2) Use allocatable arrays to be sure each domain is sized as needed and not at the size of the biggest domain.
3) Use static schedule by manually dividing the domains
4) Put the data of each domain in a type structure and then have an array of structures. That is:
Code: Select all
type domain_data
double precission :: A(num_elem,num_elem), Bx(num_elem)
...
end type domain_data
type(domain_data), dimension(num_domains) :: all_domains_data

5) Any combination of the above.

Can you give me your thoughts? Someone more experienced maybe?

Petros
p3tris

Posts: 9
Joined: Fri May 06, 2011 5:57 pm

### Re: Sharing memory among threads

p3tris wrote:-Inside calculate_domain(): A,IPVT,Ty,Tx,TB,f,Bx and By are intent(out) while Cy,Cx and x are intent(in).
-Inside solve_domain(): A,IPVT,Ty,Tx,TB,f,Bx and By are intent(in) while x is intent(inout).

Are A,IPVT,Ty,Tx,TB,f,Bx and By required after the parallel loop? If not, you could make them private, and remove their num_domains dimension, which would reduce your memory requirements.

You may be suffering from some NUMA effects on a large system: if all your data is initialised on the master thread, if might all be allocated on the same node.
Making data private will help, but you may want to consider parallelising the initialisation of any shared arrays as well to try and avoid this.
MarkB

Posts: 670
Joined: Thu Jan 08, 2009 10:12 am
Location: EPCC, University of Edinburgh

### Re: Sharing memory among threads

MarkB wrote:
p3tris wrote:-Inside calculate_domain(): A,IPVT,Ty,Tx,TB,f,Bx and By are intent(out) while Cy,Cx and x are intent(in).
-Inside solve_domain(): A,IPVT,Ty,Tx,TB,f,Bx and By are intent(in) while x is intent(inout).

Are A,IPVT,Ty,Tx,TB,f,Bx and By required after the parallel loop? If not, you could make them private, and remove their num_domains dimension, which would reduce your memory requirements.

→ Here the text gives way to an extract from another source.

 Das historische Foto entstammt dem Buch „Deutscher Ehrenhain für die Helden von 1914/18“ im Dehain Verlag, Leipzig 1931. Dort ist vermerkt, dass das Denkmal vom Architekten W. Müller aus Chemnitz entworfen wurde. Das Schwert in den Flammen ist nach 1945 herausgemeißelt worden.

You may be suffering from some NUMA effects on a large system: if all your data is initialised on the master thread, if might all be allocated on the same node.
Making data private will help, but you may want to consider parallelising the initialisation of any shared arrays as well to try and avoid this.

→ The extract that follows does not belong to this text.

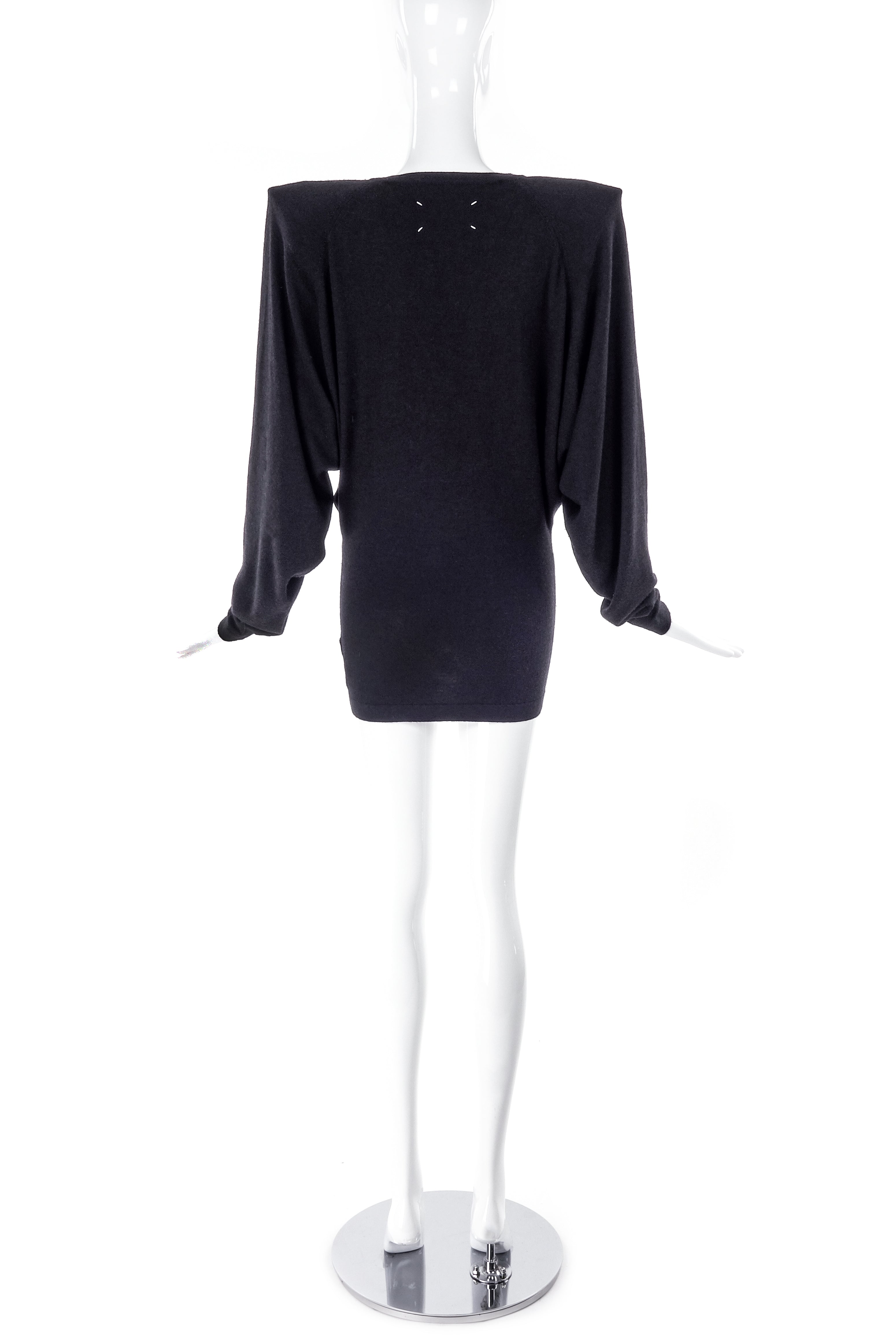 Maison Martin Margiela Pointed Shoulder Black V Neck Sweater Dress

First of all thanks for answering. The actual code is this:
Code: Select all
integer, parameter :: num_elem=40, num_domains=10000
integer :: IPVT(num_elem,num_domains), info, i, counter, chunk
double precision ::  A(num_elem,num_elem,num_domains), Bx(num_elem,num_domains), &By(num_elem,num_domains), Tx(num_elem,num_domains), Ty(num_elem,num_domains), &TB(4,num_domains), Cx(num_elem), Cy(num_elem)
double precision :: f(num_elem,num_domains),x(num_elem,num_domains)
logical :: converged

call initialize(Cy,Cx,counter,chunk,x,f,converged)
do while(.not. converged)
!\$omp parallel do default(none) &
!\$omp private(i, info) &
!\$omp shared(num_domains,A,IPVT,Ty,Tx,Bx,By,Cy,Cx,TB)&
!\$omp reduction(+:counter) &
!\$omp schedule(dynamic,chunk)
do i=1,num_domains
call calculate_domain(A(:,:,i),IPVT(:,i),Ty(:,i),Tx(:,i),Bx(:,i),By(:,i),TB(:,i),x(:,i),f(:,i),Cy,Cx)
call solve_domain(A(:,:,i),IPVT(:,i),Ty(:,i),Tx(:,i),Bx(:,i),By(:,i),TB(:,i),x(:,i),f(:,i))
counter=counter+1
enddo

call check_convergence(x,f,converged)
enddo

You see all data are reused many times always inside the parallel part, except x,f which are accessed also by the master thread. All are initialized inside the parallel region (except Cy and Cx). The outer do while() loop can reach several thousand iterations!
p3tris

Posts: 9
Joined: Fri May 06, 2011 5:57 pm

### Re: Sharing memory among threads

p3tris wrote:You see all data are reused many times always inside the parallel part, except x,f which are accessed also by the master thread. All are initialized inside the parallel region (except Cy and Cx). The outer do while() loop can reach several thousand iterations!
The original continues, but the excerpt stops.